The full listing should be written out verbatim, and its images should be dropped.

# COLLECTED MATERIAL:
BEGIN

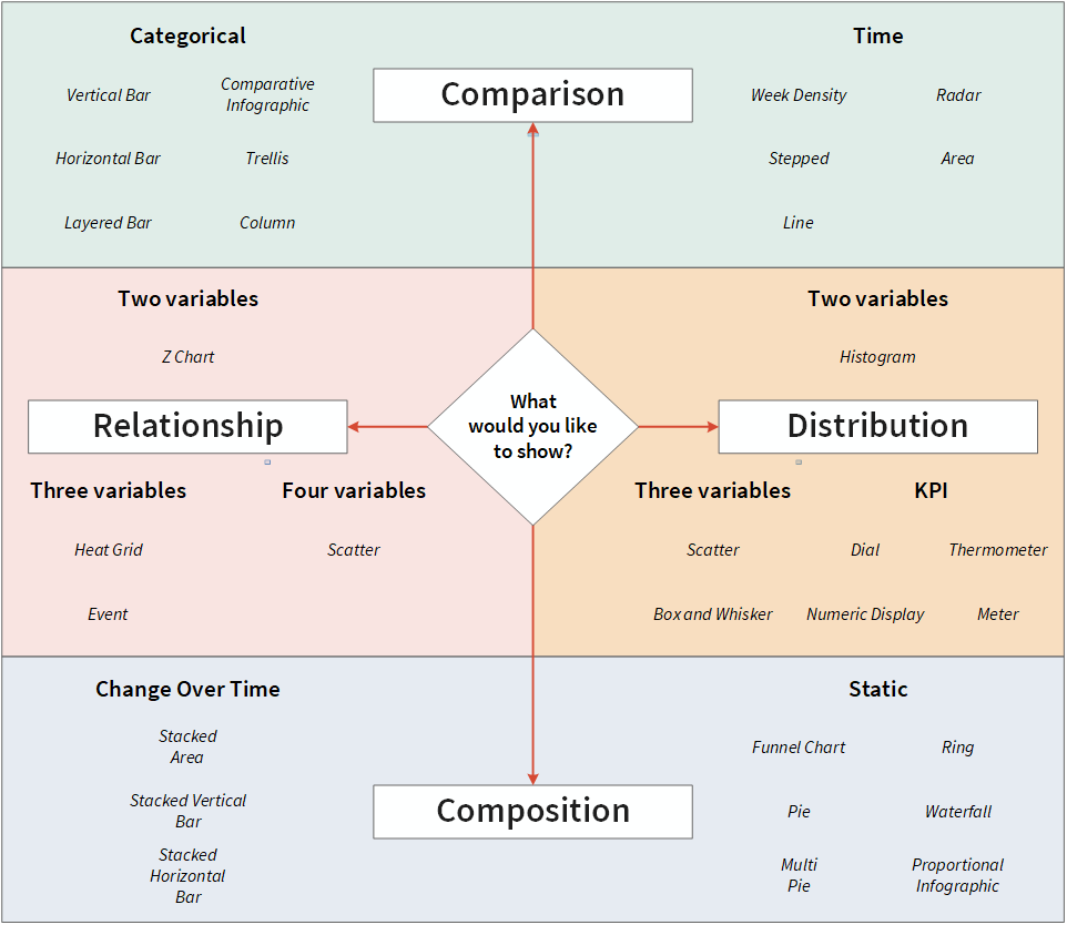 Meer te weten komen over de beschikbare grafiektypen, best practices in gegevensvisualisatie en hoe u de beste grafiek moet kiezen die bij uw behoeften past.
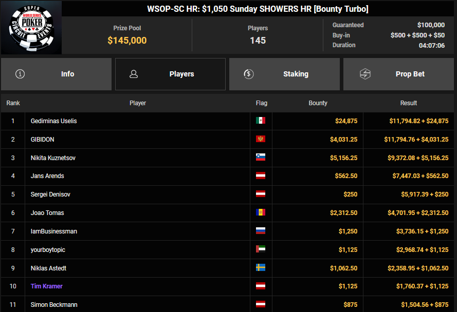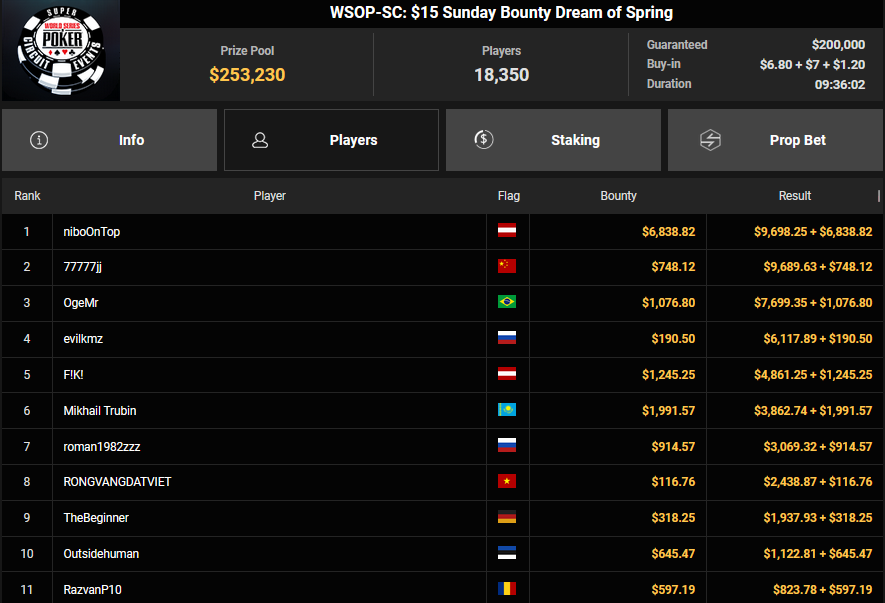 Florian Gaugusch konnte beim $108 Bounty Hunters Circuit Freezeout Rang 5 für $7.309 + $1.544 mitnehmen, baldor999 sicherte sich beim $1.500 Sunday Super Classic den Sieg für $66.015. Mr_3rdBullet setzte sich beim $250 Sunday Super Classic für $32.309 durch. niboOnTop schnappte sich den Sieg beim $15 Sunday Bounty Dream of Spring und kassierte $9.698 + $6.838.
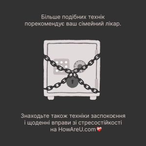 Також ділимося простою технікою «Сейф», яка може допомогти переключитися. Знайдіть тихе місце, закрийте очі та скористайтеся найнадійнішим сховищем у світі.

END

# EXERCISE RESPONSE:
 Meer te weten komen over de beschikbare grafiektypen, best practices in gegevensvisualisatie en hoe u de beste grafiek moet kiezen die bij uw behoeften past.
 Florian Gaugusch konnte beim $108 Bounty Hunters Circuit Freezeout Rang 5 für $7.309 + $1.544 mitnehmen, baldor999 sicherte sich beim $1.500 Sunday Super Classic den Sieg für $66.015. Mr_3rdBullet setzte sich beim $250 Sunday Super Classic für $32.309 durch. niboOnTop schnappte sich den Sieg beim $15 Sunday Bounty Dream of Spring und kassierte $9.698 + $6.838.
 Також ділимося простою технікою «Сейф», яка може допомогти переключитися. Знайдіть тихе місце, закрийте очі та скористайтеся найнадійнішим сховищем у світі.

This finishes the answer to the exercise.